Sample Data Sets For Survival Analysis

SUMMARY:

These data sets are included to illustrate the survival analysis methods in S-PLUS.

ARGUMENTS:

bladder
Study on time to recurrence of bladder cancer from Wei, Lin and Weissfeld (1989). The data frame has multiple rows per patient. The columns:
id

patient ID

rx
treatment group (1 = placebo, 2 = thiopeta)
number
the number of initial tumors
size
size of the largest initial tumor
start
entry into the study or the time of last recurrence
stop
time to event (months)
event
indicator of cancer recurrence (1) or censoring (0)
enum
number of recurrences of bladder cancer



capacitor
A simulated accelerated life testing of capacitors from Meeker and Duke (1982). A data frame with columns:
days

time to failure

event
indicator of failure (1) or censoring (0)
voltage
voltage at which the test was run



heart
The Stanford heart transplant data from Kalbfleisch and Prentice (1980). A data frame with each patient represented by two rows. The first entry for a patient has:
start

= 0

transplant
= 0
stop
time to transplant in days

The second entry for a patient has:
start

time to transplant

transplant
= 1
stop
time to death or censoring

The other columns are:
event

indicator of death (1) or censoring (0)

age
(age of acceptance in days/365.25) - 48
year
(date of acceptance in days since October 1, 1967)/365.25
surgery
prior surgery (1 = yes, 0 = no)
id
patient ID



leukemia
Data from Embury et al. (1977) on trial to evaluate efficacy of maintenance chemotherapy for acute myelogenous leukemia. A data frame with columns:
time

time to remission after chemotherapy (weeks)

status
indicator of remission (1) or censored time (0)
group
treatment group, "maintained" or "nonmaintained"



lung
Lung cancer data from Mayo Clinic (Loprinzi et al. 1994). A data frame with columns:
inst

code for the institution at which the patient was hospitalized

time
survival time
status
indicator of death (2) or censoring (1)
age
patient's age
sex
1 = male, 2 = female
ph.ecog
physician's estimate of the ECOG performance score (0-4)
ph.karno
physician's estimate of the Karnofsky score, a competitor to the ECOG performance score
pat.karno
patient's estimate of his/her Karnofsky score
meal.cal
calories consumed at meals excluding beverages and snacks
wt.loss
weight loss in the last six months



ovarian
Data from Edmunson et al. (1979) on ovarian cancer. A data frame with columns:
futime

number of days in study

fustat
indicator of death (1) or censoring (0)
age
patient age in days/365.25
residual.dz
an indicator of the extent of the residual disease
rx
treatment given
ecog.ps
a measure of performance score or functional status using the Eastern Cooperative Oncology Group's scale



The survival analysis chapter in the S-PLUS documentation describes these data sets further and illustrates survival analysis methods with them.

REFERENCE:

Edmunson, J. H., Fleming, T. R., Decker, D. G., Malkasian, G. D., Jefferies, J. A., Webb, M. J., and Kvols, L. K. (1979). Different chemotherapeutic sensitivities and host factors affecting prognosis in advanced ovarian carcinoma vs. minimal residual disease. Cancer Treatment Reports 63, 241-47.

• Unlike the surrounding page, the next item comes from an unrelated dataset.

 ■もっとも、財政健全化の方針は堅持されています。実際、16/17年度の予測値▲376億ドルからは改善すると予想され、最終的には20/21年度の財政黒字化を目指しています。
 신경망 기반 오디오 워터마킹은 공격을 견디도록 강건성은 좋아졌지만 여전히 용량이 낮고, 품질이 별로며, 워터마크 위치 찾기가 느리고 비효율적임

Embury, S. H., Elias, L., Heller, P. H., Hood, C. E., Greenberg, P. L., and Schrier, S. L. (1977). Remission maintenance therapy in acute myelogenous leukemia. Western Journal of Medicine 126, 267-272.

Kalbfleisch, J.D. and Prentice R.L. (1980). The Statistical Analysis of Failure Time Data. New York: Wiley.

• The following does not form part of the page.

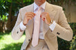 With a slightly shimmering blush finish to the diagonally woven stitch-work, cast against stripes of a matte surface. The Flamenco Blush Pink Striped Slim Tie is proudly presented by the Melbourne based Brothers at OTAA and will get the rest of your ensemble dancing along in perfect sync.

Loprinzi, C. L., Laurie, J. A., Wieand, H. S. Krook, J. E., Novotny, P. J., Kugler, J. W., Bartel, J., Law, M., Bateman, M., Klatt, N. E., Dose, A. M., Etzell, P. S., Nelimark, R. A., Mailliard, J. A., and Moertel, C. G. (1994). Prospective evaluation of prognostic variables from patient-completed questionnaires. Journal of Clinical Oncology 12, 601-607.

Meeker, Jr, W. Q. and Duke, S. D. (1982). User's Manual for CENSOR - A User-Oriented Computer Program for Life Data Analysis. Statistical Laboratory, Iowa State University, Ames, IA 50011.

Wei, L. J., Lin, D. Y. and Weissfeld, L. (1989). Regression analysis of multivariate incomplete failure time data by modeling marginal distributions. Journal of the American Statistical Association 84, 1065-73.